Постижение и восхищение классицизмом привело Бондаренко уже в 1903–1904 гг. к отходу от форм стиля модерн, о чем он пишет в мемуарах. Это важное документальное свидетельство члена профессионального архитектурного цеха, подтверждающее дату отсчета в развитии московского неоклассицизма[24 - См.: Нащокина М.В. Неоклассические усадьбы Москвы // Русская усадьба. Сборник ОИРУ № 3 (19). М.: Ворон. 1997. С. 55–74; Нащокина М.В. Иван Фомин: поворот к неоклассике // Архитектура мира. Вып. 7. Материалы VII Международной конференции по истории архитектуры. Запад – Восток: архитектурные школы Нового и Новейшего времени. М.: ARCHITECTURA – УРСС, 1998. С. 102–108.]. Благодаря своему увлечению русским классицизмом и ампиром, в 1912 г. Бондаренко стал одним из организаторов юбилейной «Выставки в память войны 1812 г.» в Историческом музее, в 1913 г. создал один из разделов «Исторической выставки архитектуры и художественной промышленности», приуроченной к V Всероссийскому съезду зодчих, где впервые были показаны подлинные чертежи Д. Джилярди и А. Григорьева; а также написал статьи для путеводителя по Москве, изданного к съезду[25 - Бондаренко И.Е. Зодчество Москвы восемнадцатого и начала девятнадцатого века // Путеводитель по Москве, под ред. И.П. Машкова. М., 1913. С. 1–14.]. Однако об этих важных событиях он в своих воспоминаниях лишь кратко упомянул (гл. 27).

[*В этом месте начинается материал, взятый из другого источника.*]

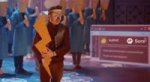 После чего он берет трость с подноса. Говорит «спасибо» и идёт на выход из ресторана. Остальные интеллегенты сидят за столом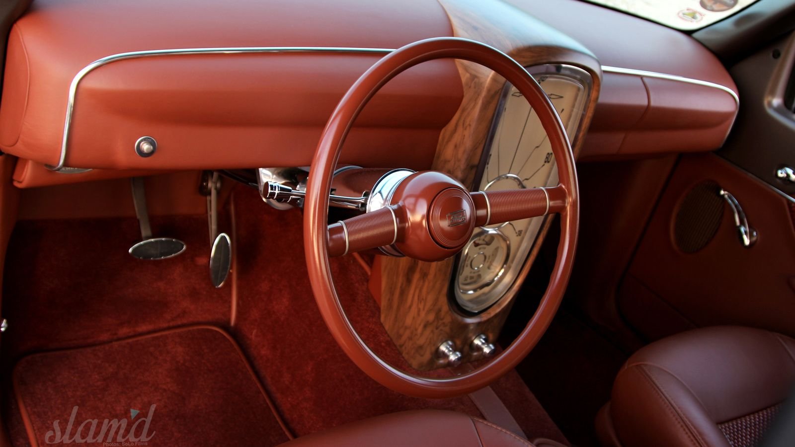 Entering the interior is like stepping into a different world. Recovery Room Hot Rod Interiors is responsible for the mastery here, and it does indeed incorporate Rolls Royce inspiration—the carpet is made after Rolls patterns. The modified seats are out of a VW Passat, and they and most of the rest of the interior were bathed in a richly-colored hide. The gauges were all custom-designed and the gauge cluster isn’t actually wood but in fact an airbrushed job by Brad Starks of Brad Starks Rod and Customs.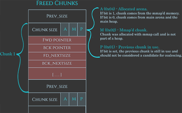 0x4: Non Main Arena - Specifies that the chunk was obtained from outside of the main arena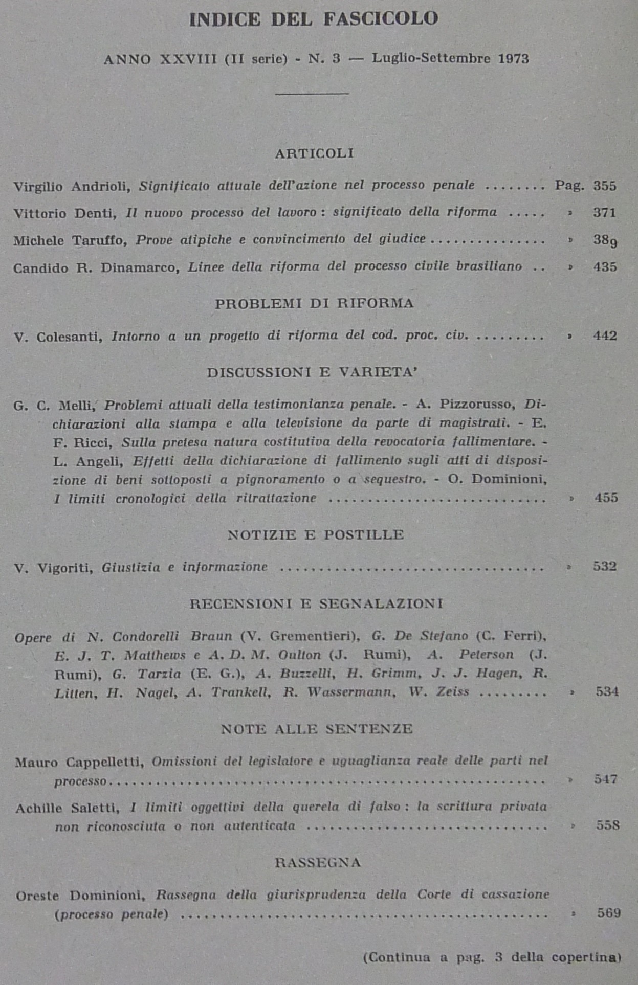 Rivista di Diritto Processuale. Annata 1973. Diretta da: Francesco Carnelutti, Giuseppe Chiovenda, Piero Calamandrei, Enrico Tullio Liebman. Anno XXVIII (Seconda Serie)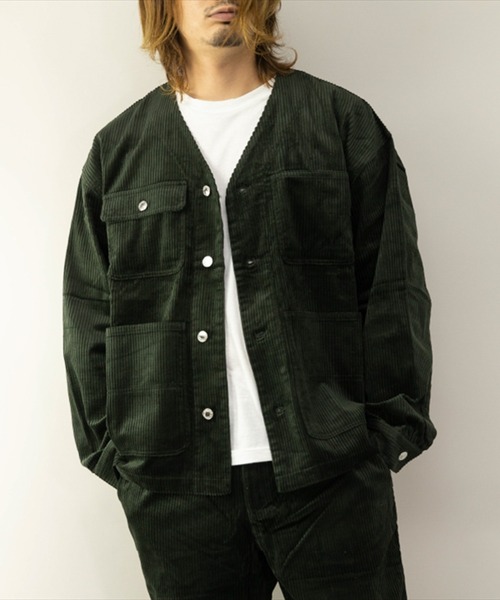 秋冬にぴったりの太畝コーデュロイ ノーカラー カバーオールジャケット。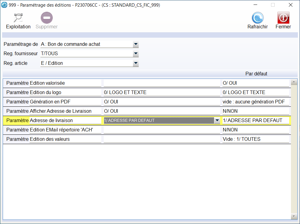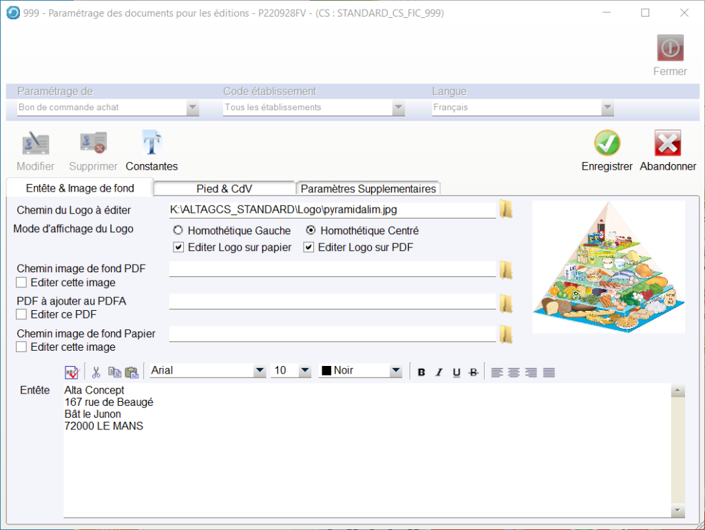 Des paramètres sont à définir afin de pouvoir intégrer ou non, le logo, l’adresse de livraison, la génération du PDF, dans la mise en page des Bons de Commandes Achats.

Практически ничего Илья Евграфович не сказал и о своих постройках в стиле неоклассицизм, которых было совсем немного и которые, в целом, уступали работам в этом стиле других мастеров московской неоклассики. Примером могут служить перестройка дома А.А. Бахрушина в подмосковной усадьбе Афинеево (не сохранился), особняк А.И. Соколова в Иваново-Вознесенске и поздний нереализованный проект расширения театрального музея в Москве, которые не обладали ни яркой образностью, ни тонким обаянием московского варианта неоклассицизма. Самым стильным произведением Бондаренко 1910-х гг. в формах раннего классицизма стал проект Дома для детских трудовых артелей на Пречистенской набережной (1913), выполненный по мотивам архитектуры С.-Петербурга петровского времени – ставшей особенно популярной после празднования 300-летнего юбилея северной столицы. К сожалению, проект был осуществлен лишь частично и с отказом от большинства декоративных деталей. Несмотря на высокое покровительство великой княгини Елизаветы Федоровны и поддержку крупных московских благотворителей закончить постройку, видимо, помешала начавшаяся война.

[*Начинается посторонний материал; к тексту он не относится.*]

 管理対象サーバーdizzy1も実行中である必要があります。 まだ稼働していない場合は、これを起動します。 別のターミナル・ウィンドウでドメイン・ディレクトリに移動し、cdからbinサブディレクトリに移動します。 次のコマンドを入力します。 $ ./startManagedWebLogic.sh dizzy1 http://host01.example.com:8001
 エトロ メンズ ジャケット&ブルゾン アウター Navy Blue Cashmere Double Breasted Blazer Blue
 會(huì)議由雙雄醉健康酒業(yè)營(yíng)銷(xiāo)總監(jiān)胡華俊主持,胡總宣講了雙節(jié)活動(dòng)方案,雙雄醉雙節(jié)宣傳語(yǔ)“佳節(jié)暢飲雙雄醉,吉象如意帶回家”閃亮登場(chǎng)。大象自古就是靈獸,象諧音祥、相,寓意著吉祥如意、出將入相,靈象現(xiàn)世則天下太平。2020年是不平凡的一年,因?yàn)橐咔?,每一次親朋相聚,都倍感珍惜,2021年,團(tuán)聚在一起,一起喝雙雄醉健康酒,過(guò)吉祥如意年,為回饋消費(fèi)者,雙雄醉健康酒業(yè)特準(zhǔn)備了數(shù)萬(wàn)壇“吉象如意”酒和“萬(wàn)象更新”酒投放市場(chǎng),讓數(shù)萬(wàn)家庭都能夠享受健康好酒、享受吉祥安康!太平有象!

И все же в историю русской архитектуры И.Е. Бондаренко вошел не столько как историк и даже не как активно практикующий архитектор (в сравнении с крупными мастерами московской архитектуры рубежа XIX–XX вв. перечень его построек весьма невелик), а как автор первого и нескольких последующих старообрядческих храмов в Москве и ее окрестностях, возведенных после Манифеста 1905 г. и ставших самой яркой страницей его творчества. (В данном издании публикуется полный свод его церковных проектов, сохранившихся в его архиве в РГАЛИ.) Их необычная образность – нетипичность и «западность», отмечаемые его коллегами, тщательность их отделки были необычны для Москвы, но именно они заложили образные основы новейшего этапа старообрядческого храмостроения, внесшего заметный вклад в развитие неорусского стиля и в облик города 1900–1910-х гг. Самыми выдающимися из них стали московские храмы в Токмаковом и Малом Гавриковом переулках, а также храм в Богородске Богородского уезда Московской губернии (теперь – Ногинск).

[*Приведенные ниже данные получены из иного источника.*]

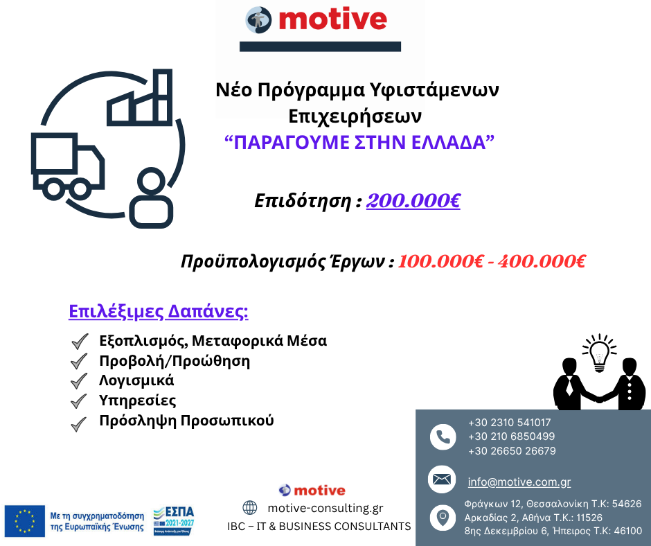 26 Μαρ Blog Νέο Πρόγραμμα: Παράγουμε στην Ελλάδα 26 Μαρτίου 2026 Posted by Motive Consulting 📢 Στις 31 Μαρτίου ξεκινάνε οι αιτήσες για το νέο χρηματοδοτικό πρόγραμμα με επιδότηση έως 55%. Το "Π...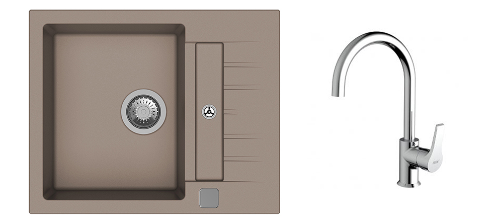 StrongSinks S3 Set zlew Vardar 615 615x500mm granit beż + Bateria Rhona chrom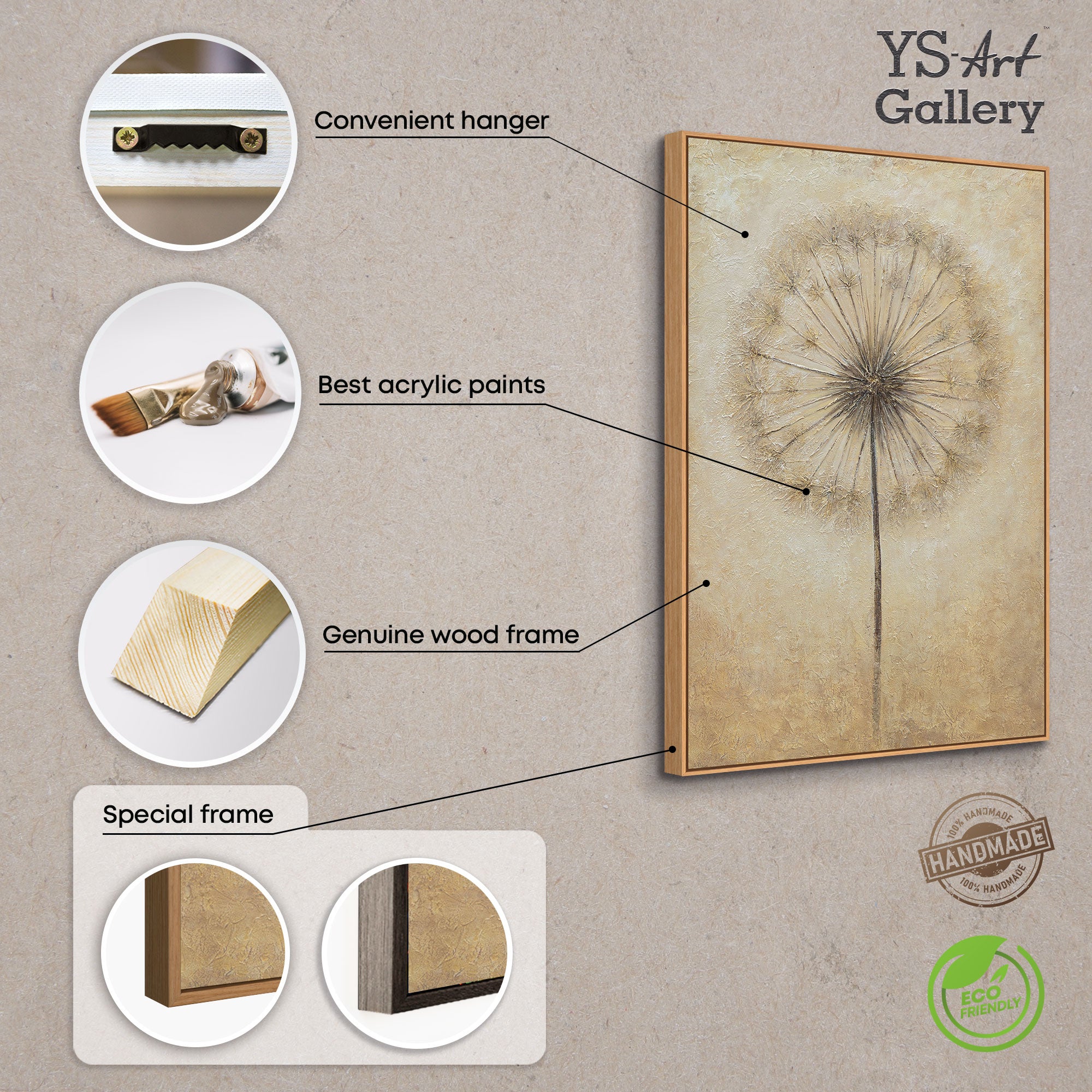 „Atem des Sommers“ fängt den flüchtigen Moment eines Sommerwinds ein. Eine filigrane Pusteblume erhebt sich aus sanften Beige- und Cremetönen, ihre feinen Linien und plastischen Strukturen wirken wie gefrorene Bewegung. Das Licht spielt auf der Oberfläche, lässt jede Spur lebendig erscheinen – ruhig, poetisch, beinahe meditativ.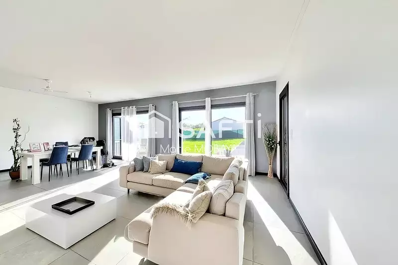 Située dans un environnement recherché, proche des commodités, cette maison contemporaine de 2016 offre un cadre de vie idéal pour une famille en quête d’espace et de confort. Édifiée sur une parcelle de 900m², elle est parfaitement adaptée au télétravail grâce à la fibre optique installée. À l’extérieur, un garage de 20m² et une dépendance de plus de 50m² équipée en eau et électricité offrent de nombreuses possibilités (studio, espace professionnel, salle de sport, atelier). Le terrain arboré sans vis-à-vis permet d’envisager la création d’une piscine. À l’intérieur, les 160m² comprennent quatre chambres dont une suite parentale avec salle d’eau, WC et dressing, deux salles de bain et deux WC indépendants. Les volumes généreux et la luminosité naturelle créent une atmosphère chaleureuse en harmonie avec l’architecture contemporaine. Grâce à ses surfaces annexes et à son organisation intérieure pensée pour le confort quotidien, ce bien permet d’envisager sereinement une évolution des besoins, notamment pour le travail à domicile. Visite virtuelle disponible sur demande.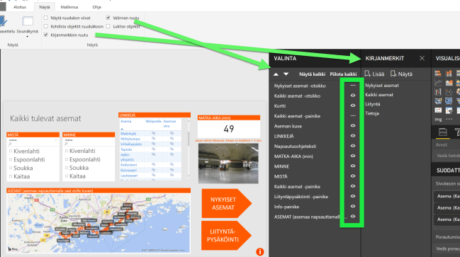 - Metroaikataulu ja asemat -visualisoinnissa Nykyiset asemat/Kaikki asemat -on toteutettu yhtenä sivuna, johon on tallennettu kaksi eri kirjanmerkkiä. Toisessa kirjanmerkissä näytetään kaikki asemat ja toiseen on puolestaan suodatettu vain nykyiset metroasemat. Lisäksi kirjanmerkeissä on tiedot mitkä otsikkotekstit ja painikkeet näytetään ja mitkä ovat piilossa. Käytännössä otsikot ja painikkeet on piirretty päällekkäin ja niistä näytetään kussakin kirjanmerkissä vain toinen.

Почему же из немалого числа московских зодчих, умело строивших в национальном стиле, именно сибарит Бондаренко, с удовольствием предававшийся всем радостям жизни, получил заказы на новые храмы строгих и аскетичных старообрядцев, строительство которых было разрешено Манифестом 1905 г.? Хотя в специальной главе Илья Евграфович подробно рассказывает, как произошло его сближение с московскими раскольниками, которых с 1905 г. стали официально называть старообрядцами, думается, главными для заказчиков было все же не знакомство и не личные качества выбранного зодчего, а два других обстоятельства: успех выстроенных Бондаренко павильонов Русской деревни в Париже и его солидное европейское образование, удостоверявшее профессионализм в строительных и технических вопросах.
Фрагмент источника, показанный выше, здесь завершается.